ABOUT THIS TASK: Set out exactly every line of the entries below, starting at the line that holds "本次培訓(xùn)邀請到了東" and stopping after the line that holds "2017年1-3月份,全國固".

RAW DATA:
────

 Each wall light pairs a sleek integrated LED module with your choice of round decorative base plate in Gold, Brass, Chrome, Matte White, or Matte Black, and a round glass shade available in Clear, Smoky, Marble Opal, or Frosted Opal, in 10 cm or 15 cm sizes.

────

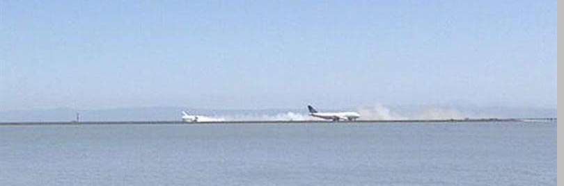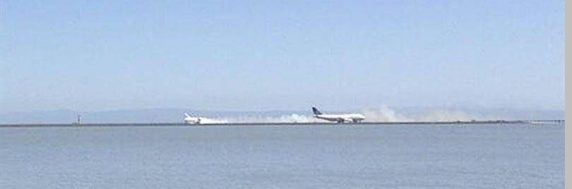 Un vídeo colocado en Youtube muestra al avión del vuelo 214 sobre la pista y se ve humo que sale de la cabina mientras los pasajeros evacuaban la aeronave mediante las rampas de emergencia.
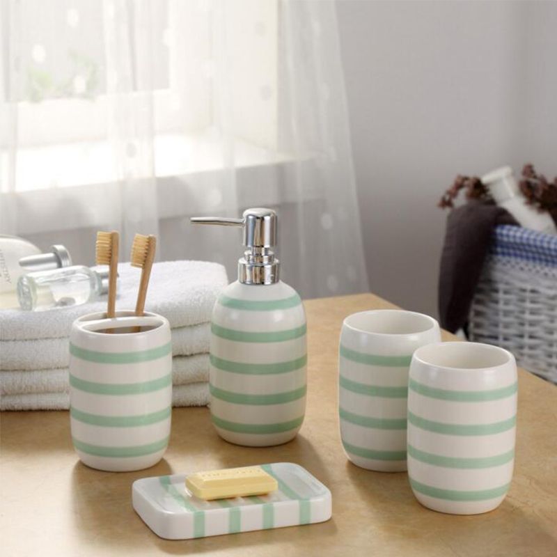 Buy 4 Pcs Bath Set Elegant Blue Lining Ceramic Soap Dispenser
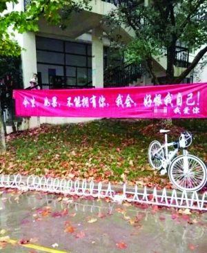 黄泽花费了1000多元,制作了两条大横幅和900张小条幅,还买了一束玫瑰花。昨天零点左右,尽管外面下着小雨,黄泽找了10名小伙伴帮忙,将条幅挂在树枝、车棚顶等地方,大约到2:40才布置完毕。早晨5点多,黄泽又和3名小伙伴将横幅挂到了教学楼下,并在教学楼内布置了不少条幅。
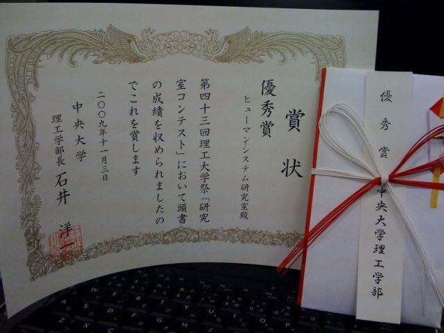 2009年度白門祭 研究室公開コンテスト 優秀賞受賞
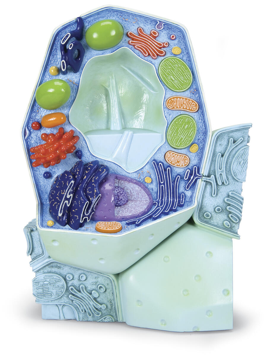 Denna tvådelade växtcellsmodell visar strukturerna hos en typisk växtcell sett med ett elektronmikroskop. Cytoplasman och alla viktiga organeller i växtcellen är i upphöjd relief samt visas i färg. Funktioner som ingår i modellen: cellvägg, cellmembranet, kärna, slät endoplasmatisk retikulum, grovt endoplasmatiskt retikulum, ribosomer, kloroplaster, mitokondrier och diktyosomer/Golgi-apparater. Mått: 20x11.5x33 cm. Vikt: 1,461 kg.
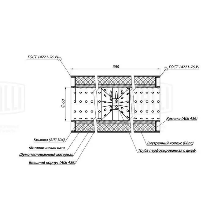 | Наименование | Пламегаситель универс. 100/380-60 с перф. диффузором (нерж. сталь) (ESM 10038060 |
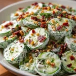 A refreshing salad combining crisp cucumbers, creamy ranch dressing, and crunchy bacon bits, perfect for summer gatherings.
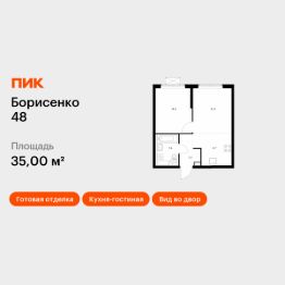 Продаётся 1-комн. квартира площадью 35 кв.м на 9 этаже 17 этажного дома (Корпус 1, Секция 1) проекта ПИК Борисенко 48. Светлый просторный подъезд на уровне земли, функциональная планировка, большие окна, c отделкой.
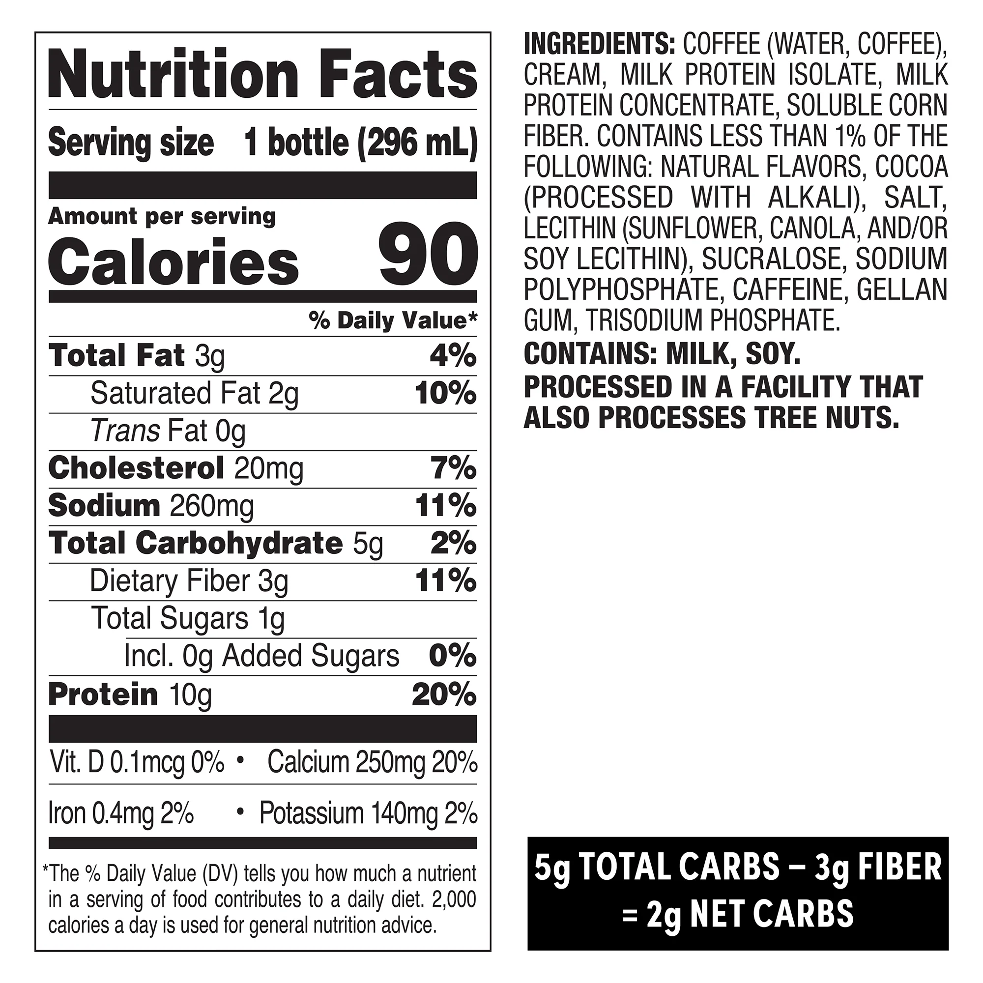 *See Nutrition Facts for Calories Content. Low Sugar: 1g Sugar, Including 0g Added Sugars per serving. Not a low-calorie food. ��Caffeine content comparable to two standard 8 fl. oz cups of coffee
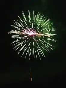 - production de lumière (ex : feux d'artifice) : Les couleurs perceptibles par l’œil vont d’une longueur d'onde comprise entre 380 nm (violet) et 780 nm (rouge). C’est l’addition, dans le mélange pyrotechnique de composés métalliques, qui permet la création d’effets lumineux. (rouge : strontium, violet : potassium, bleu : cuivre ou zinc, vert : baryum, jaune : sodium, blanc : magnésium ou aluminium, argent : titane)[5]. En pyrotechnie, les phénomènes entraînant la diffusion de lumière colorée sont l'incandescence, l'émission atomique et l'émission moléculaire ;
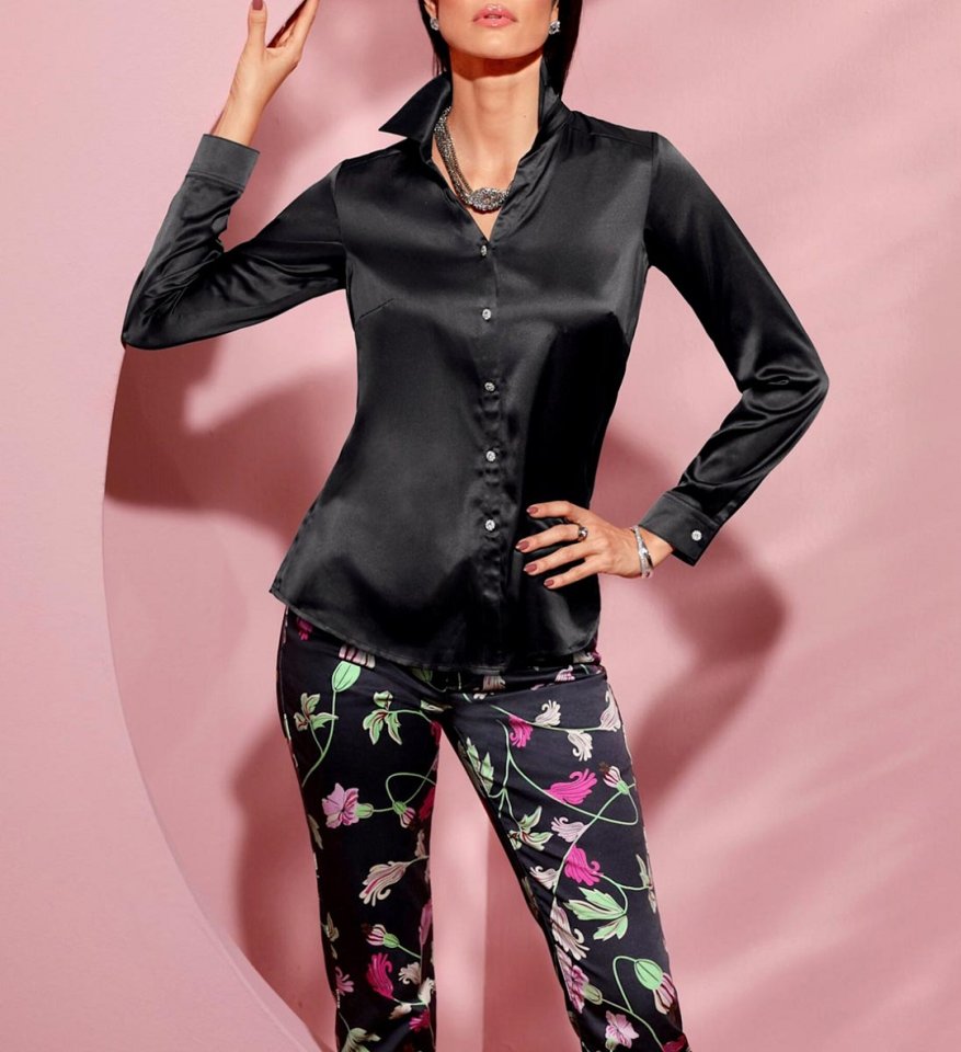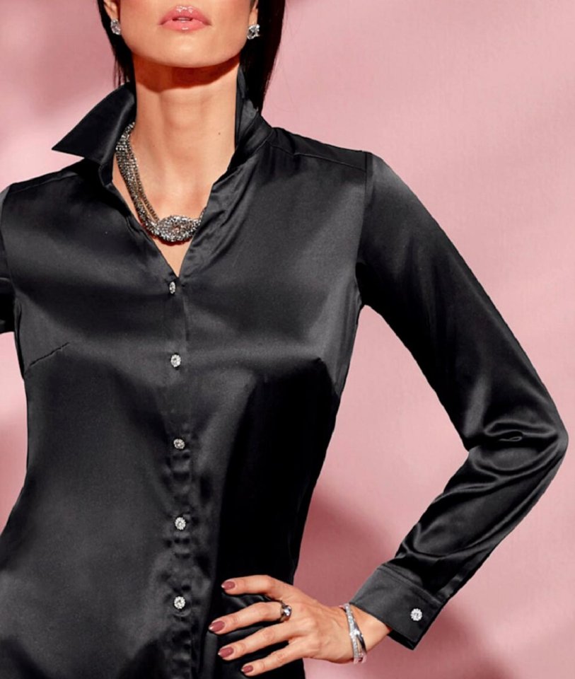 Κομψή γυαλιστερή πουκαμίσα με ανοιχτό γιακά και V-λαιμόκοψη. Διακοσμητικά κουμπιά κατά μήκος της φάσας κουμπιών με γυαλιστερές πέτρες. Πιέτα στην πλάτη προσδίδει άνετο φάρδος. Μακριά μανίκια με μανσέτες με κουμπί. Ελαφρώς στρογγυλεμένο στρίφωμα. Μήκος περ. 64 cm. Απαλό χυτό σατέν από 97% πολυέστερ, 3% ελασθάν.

────

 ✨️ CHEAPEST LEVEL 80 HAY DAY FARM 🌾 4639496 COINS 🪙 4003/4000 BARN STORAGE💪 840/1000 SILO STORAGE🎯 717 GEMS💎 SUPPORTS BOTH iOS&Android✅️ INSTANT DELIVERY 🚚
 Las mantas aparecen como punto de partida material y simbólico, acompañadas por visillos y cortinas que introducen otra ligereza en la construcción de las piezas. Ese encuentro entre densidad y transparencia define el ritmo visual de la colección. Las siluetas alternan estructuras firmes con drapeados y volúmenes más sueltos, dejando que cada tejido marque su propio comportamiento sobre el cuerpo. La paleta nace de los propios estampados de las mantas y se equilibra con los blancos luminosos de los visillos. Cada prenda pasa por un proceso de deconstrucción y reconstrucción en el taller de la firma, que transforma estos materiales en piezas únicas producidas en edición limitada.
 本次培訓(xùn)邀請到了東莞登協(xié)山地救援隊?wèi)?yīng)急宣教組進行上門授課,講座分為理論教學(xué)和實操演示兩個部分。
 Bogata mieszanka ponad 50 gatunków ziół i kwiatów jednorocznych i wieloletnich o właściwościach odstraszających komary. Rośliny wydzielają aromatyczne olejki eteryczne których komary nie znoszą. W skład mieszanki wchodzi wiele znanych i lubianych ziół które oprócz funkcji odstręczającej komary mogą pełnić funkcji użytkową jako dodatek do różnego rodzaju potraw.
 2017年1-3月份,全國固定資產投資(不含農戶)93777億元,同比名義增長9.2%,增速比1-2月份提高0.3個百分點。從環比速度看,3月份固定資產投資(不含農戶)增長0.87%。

────

RESPONSE TO THE EXERCISE:
 本次培訓(xùn)邀請到了東莞登協(xié)山地救援隊?wèi)?yīng)急宣教組進行上門授課,講座分為理論教學(xué)和實操演示兩個部分。
 Bogata mieszanka ponad 50 gatunków ziół i kwiatów jednorocznych i wieloletnich o właściwościach odstraszających komary. Rośliny wydzielają aromatyczne olejki eteryczne których komary nie znoszą. W skład mieszanki wchodzi wiele znanych i lubianych ziół które oprócz funkcji odstręczającej komary mogą pełnić funkcji użytkową jako dodatek do różnego rodzaju potraw.
 2017年1-3月份,全國固定資產投資(不含農戶)93777億元,同比名義增長9.2%,增速比1-2月份提高0.3個百分點。從環比速度看,3月份固定資產投資(不含農戶)增長0.87%。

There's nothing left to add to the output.